The debugging process highlighted the critical importance of:
-   **Data Pipeline Integrity:** Ensuring the correct loading, parsing, and processing of data is fundamental. Errors early in the pipeline can cascade and prevent models from learning effectively.
-   **Careful Inspection of Intermediate Outputs:** Debugging by inspecting the output of functions and data structures at different stages of the pipeline was essential in identifying where the labels were being lost.
-   **Understanding Library Behavior:** Recognizing how functions like `dataset.map` and metrics calculations in `seqeval` interact with data formats and filtering was key to resolving the issues.

The achieved performance demonstrates the potential of fine-tuning multilingual models for NER in low-resource languages like Amharic, provided the data preparation is handled correctly.

Possible next steps include:
-   **Error Analysis:** Investigate specific examples where the model made incorrect predictions to understand common errors and areas for improvement.

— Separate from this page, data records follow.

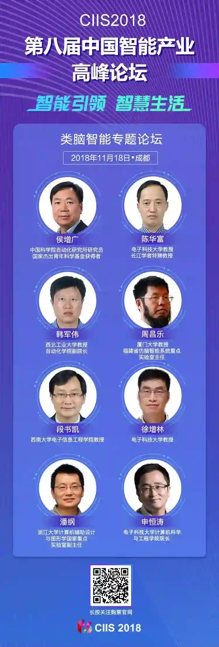 2018年11月17日~18日,CIIS2018(第八届中国智能产业高峰论坛)将在成都召开,“类脑智能专题论坛”由浙江大学计算机辅助设计与图形学国家重点实验室副主任潘纲教授和电子科技大学计算机科学与工程学院院长申恒涛教授担任主席,届时在大会上将有6位资深专家为大家带来一场学术与技术盛宴,他们分别是:
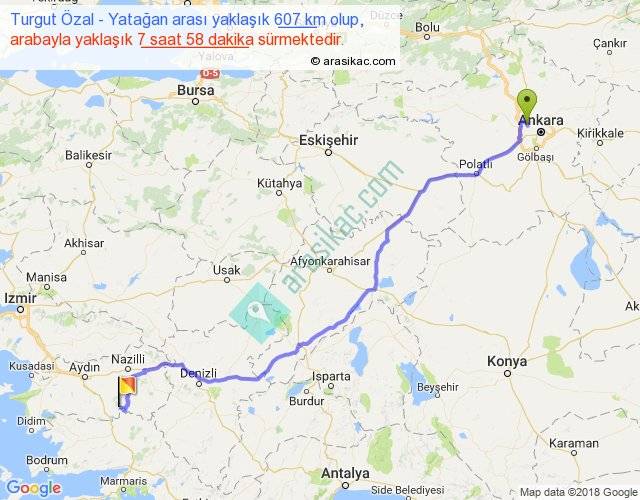 Turgut Özal - Yatağan arası yaklaşık olarak 90 km/h ile yukarıda belirtilen sürede olup, iki yerin kuş uçuşu uzaklığı (mesafesi) 468'dir. Eğer belirtilen yerler arasında uçak seferi var ise bu süre uçakla 43 dakika'ya kadar düşebilir. Yolculuk otobüsle 10 saat 21 dakika sürmektedir.
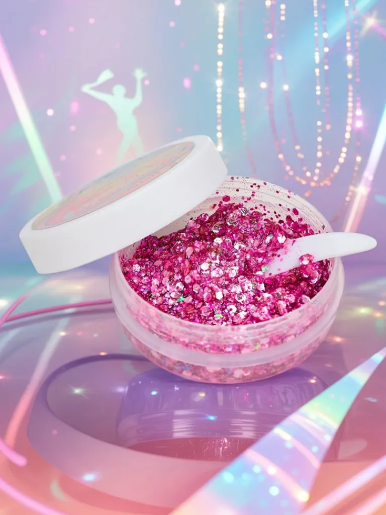 - Brokatowy żel do zdobienia twarzy – idealny na festiwale i imprezy. Łatwy w aplikacji, szybko schnie i długo się utrzymuje. Dodaje blasku i wyjątkowego efektu glamour.

-   **Hyperparameter Optimization:** Further tune hyperparameters for the best model to potentially achieve even higher performance.
-   **Exploring Other Models:** If possible, revisit or explore other models, including those specifically pre-trained on Amharic, if available.
-   **Deployment:** Prepare the best model for inference on new, unseen Amharic e-commerce text.